# Dump Truck Finds



## southfork

Bottles and other artifacts from soil being dug from one construction site and dumped at another .


----------



## Kheidecker

That looks like some real good stuff there.. whatever that pile dirt is  be worth going through. Nothing better than bringing back the past for people to look at and enjoy.goood finds..looks all pre1900


----------



## hemihampton

Some nice old bottles there.. I'd guess they date around turn of the Century 1900+ because I see some Screw Tops & crown tops. I especially like the Hutchinson (hutch) Bottle. That's the first one on left of pic in first row. Is there a name on it? Curious? Congrats on some nice finds, I'd go back for more. LEON.


----------



## Screwtop

hemihampton said:


> Some nice old bottles there.. I'd guess they date around turn of the Century 1900+ because I see some Screw Tops & crown tops. I especially like the Hutchinson (hutch) Bottle. That's the first one on left of pic in first row. Is there a name on it? Curious? Congrats on some nice finds, I'd go back for more. LEON.




Eagle Casey Soda, Sacremento.


----------



## southfork

This one ? all these bottles are packed with silt I think that's what saved them .


----------



## southfork

This is what I've rinsed off so far my son has found a whole collection in a matter of days .


----------



## sandchip

More nice finds.  Is that a Cal. Electric insulator in that box?


----------



## ROBBYBOBBY64

What are the blue cobalt blob tops i see in the far corner of the box. I think i see 3...could be ponys.


----------



## CanadianBottles

Some beautiful finds there!  I'm really curious about those cobalt blob tops as well.  Assuming you're in California those are likely some extremely good finds.  I think I also spy a pontilled ink in that box.  Plus lots of local druggists.  I'd love to be finding stuff like that!


----------



## southfork

sandchip said:


> More nice finds.  Is that a Cal. Electric insulator in that box? Yes it has a shark bite on the bottom .


----------



## southfork

CanadianBottles said:


> Some beautiful finds there!  I'm really curious about those cobalt blob tops as well.  Assuming you're in California those are likely some extremely good finds.  I think I also spy a pontilled ink in that box.  Plus lots of local druggists.  I'd love to be finding stuff like that!


----------



## Kheidecker

you come by a diggers dream.you got some $ there in bottles. Id take the whole week off of work and go get muddy all week. I'd get what you can get while you can get it because after that whatever's down there may never ever be seen again.did ya clean off that green slender tall bottle in the back? I'd like to see what that looks like cleaned off.


----------



## southfork

Kheidecker said:


> you come by a diggers dream.you got some $ there in bottles. Id take the whole week off of work and go get muddy all week. I'd get what you can get while you can get it because after that whatever's down there may never ever be seen again.did ya clean off that green slender tall bottle in the back? I'd like to see what that looks like cleaned off.

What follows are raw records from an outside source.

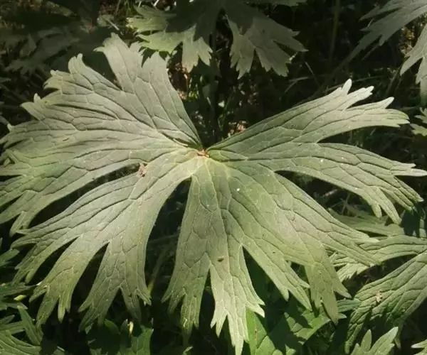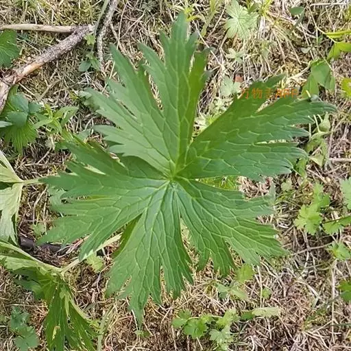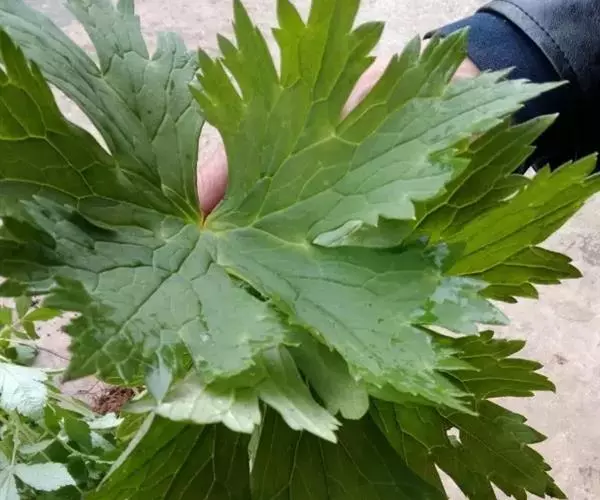 多年生草本植物,根长达20厘米,圆柱形,粗达2厘米。茎高(60-)95-150厘米,中部以下几无毛,上部近花序处被反曲的短柔毛,生4-6枚叶,不分枝或分枝。基生叶1枚,与茎下部叶具长柄;叶片肾形或圆肾形,长12-14.5厘米,宽20-28厘米,基部宽心形,三深裂约至本身长度的6/7处,中深裂片较小,楔状狭菱形,渐尖,三裂边缘有不整齐的三角形锐齿,侧深裂片斜扇形,不等三裂稍超过中部,两面疏被短柔毛或变无毛;叶柄长30-50厘米,具浅纵沟,几无毛。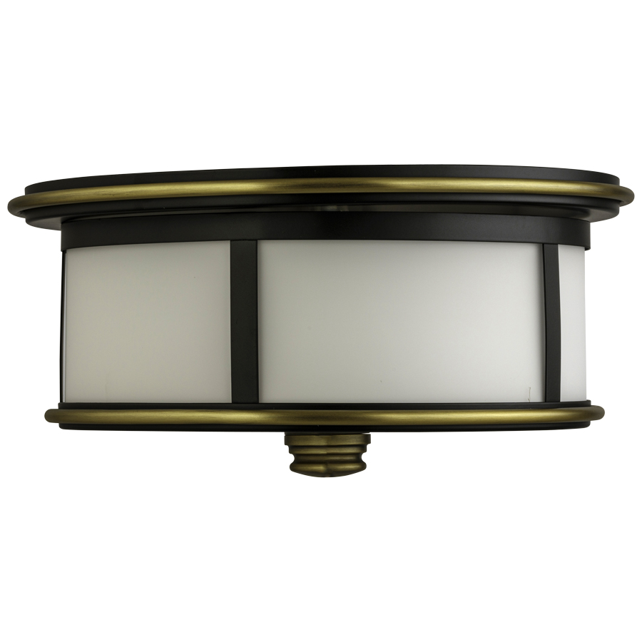 13.5" diameter x 6.5"H Powder Coat Matte Black Ceiling Fixture with Brushed Brass accent bands and finial, two medium base sockets, direct wired, with Opal Matte Glass, recommend two 800 lumen LED bulbs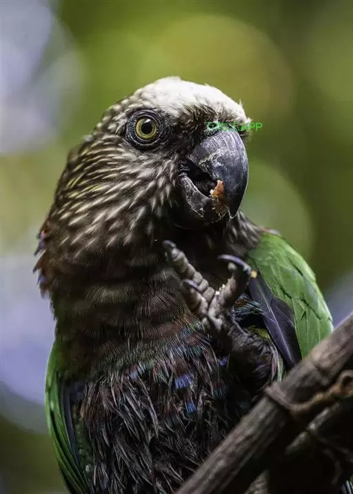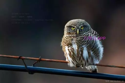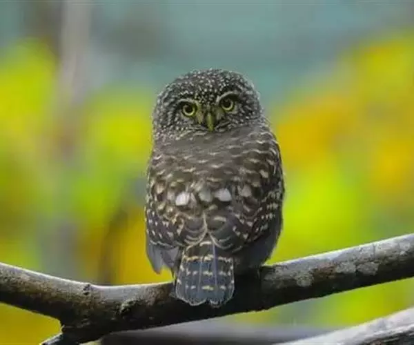 斑头鸺鹠的虹膜黄色,嘴黄绿色,基部较暗,蜡膜暗褐色,趾黄绿色,具刚毛状羽,爪近黑色。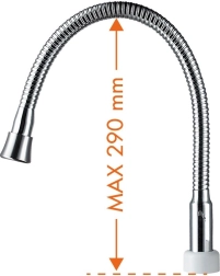 Dio pakiranja su dva tipa izljevki – fiksna za stabilan mlaz i fleksibilna za precizno usmjeravanje toka vode. Jednostavno upravljanje omogućuje brzo postizanje temperature do 60 °C, pa je pogodan za pranje posuđa, čišćenje i redovitu higijenu.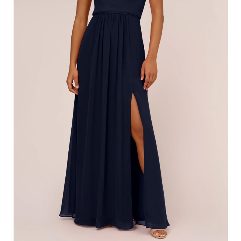 ADRIANNA PAPELL One-Shoulder Chiffon Long Gown
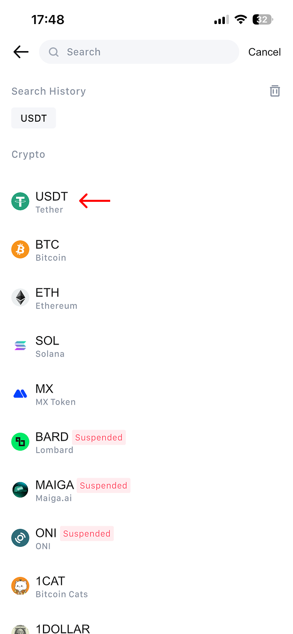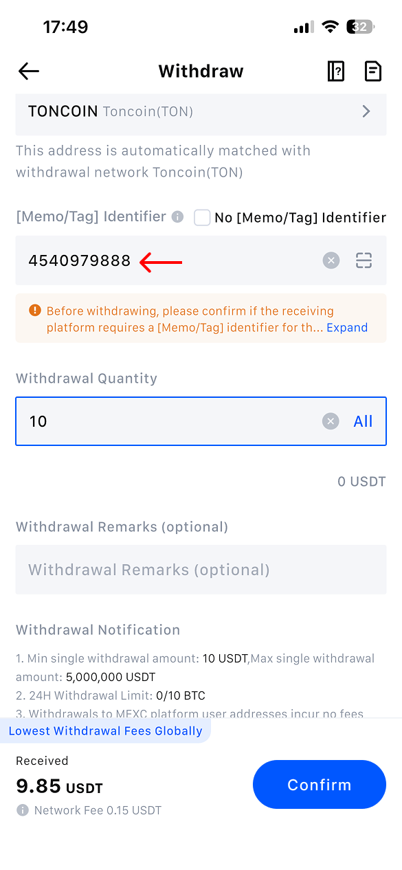 7. Open the MEXC app and paste the copied MEMO from the HASH7 app into the *"Memo/Tag"* field.\

 Yes I was told its a capers ? Bottle


----------



## CanadianBottles

Yes, capers indeed.  Looks continental European in origin.  And wow those two you posted are beautiful!  Like Kheidecker said, those are worth serious money.  The ink is even better than I expected.


----------



## southfork

A few more that I cleaned with dish soap and a bottle brush .


----------



## hemihampton

Wow, Some nice bottles there, The Cobalt Blue Bottles are Killer. Some of those look like 1850 &/or 1860's with the open pontil Ink & iron/graphite pontil.  Definitely go back for more. That's a diggers Dream find. Congrats. LEON.


----------



## hemihampton

southfork said:


> This one ? all these bottles are packed with silt I think that's what saved them .

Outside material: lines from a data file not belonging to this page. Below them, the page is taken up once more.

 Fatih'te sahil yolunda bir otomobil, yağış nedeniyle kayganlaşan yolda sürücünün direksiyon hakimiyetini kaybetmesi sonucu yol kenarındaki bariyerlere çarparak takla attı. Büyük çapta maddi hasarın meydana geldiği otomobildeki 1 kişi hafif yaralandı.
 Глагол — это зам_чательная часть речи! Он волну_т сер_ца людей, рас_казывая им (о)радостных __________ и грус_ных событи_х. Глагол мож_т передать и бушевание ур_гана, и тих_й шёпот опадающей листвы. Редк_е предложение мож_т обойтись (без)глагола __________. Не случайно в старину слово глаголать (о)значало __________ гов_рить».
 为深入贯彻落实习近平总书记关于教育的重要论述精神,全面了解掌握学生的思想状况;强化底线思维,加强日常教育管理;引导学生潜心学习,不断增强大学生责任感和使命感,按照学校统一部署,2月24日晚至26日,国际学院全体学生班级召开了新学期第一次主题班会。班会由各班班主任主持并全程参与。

YES, That one. that one is a Hutch or Hutchinson Bottle. What does it say in front of the Casey? Doesn't look like Owen? Curious. THANKS, LEON.


----------



## southfork

hemihampton said:


> YES, That one. that one is a Hutch or Hutchinson Bottle. What does it say in front of the Casey? Doesn't look like Owen? Curious. THANKS, LEON.


 Hugh Casey Eagle Soda Works we have a cobalt OWEN CASEY EAGLE SODA WORKS with SAC CITY on the reverse side .


----------



## hemihampton

I Looked for it on my Buddy Ron's Hutchbook.com Website & did not see the Hugh, Did see a Owen. You should send my Buddy Ron that runs that website a Pic of that Bottle so he could add it to his website. Link below. LEON.



			Hutchinson Project-Search Results


----------



## Patagoniandigger

southfork said:


> Bottles and other artifacts from soil being dug from one construction site and dumped at another .View attachment 202525


Surprise me very much to see many survivors from such an event.
Tell me is the green bottle at left side of the pickles (hexagonal) a poison one?
The other green tall one behind is interesting to me and the amber "female" shaped (behind the pottery) too.


----------



## southfork

Patagoniandigger said:


> Surprise me very much to see many survivors from such an event.
> Tell me is the green bottle at left side of the pickles (hexagonal) a poison one?
> The other green tall one behind is interesting to me and the amber "female" shaped (behind the pottery) too.


 The small screw top is not marked


----------



## FloridaDigger

Very nice haul!! dig that place up. Very hard to find bottles of that age in Florida.


----------



## saratogadriver

In the box you have a sort of umbrella shaped bottle that is probably an older, says 1860s-1870s, umbrella ink.  If it has a broken ring of glass on the bottom, called an open pontil, it's more like 1850s to 1860s.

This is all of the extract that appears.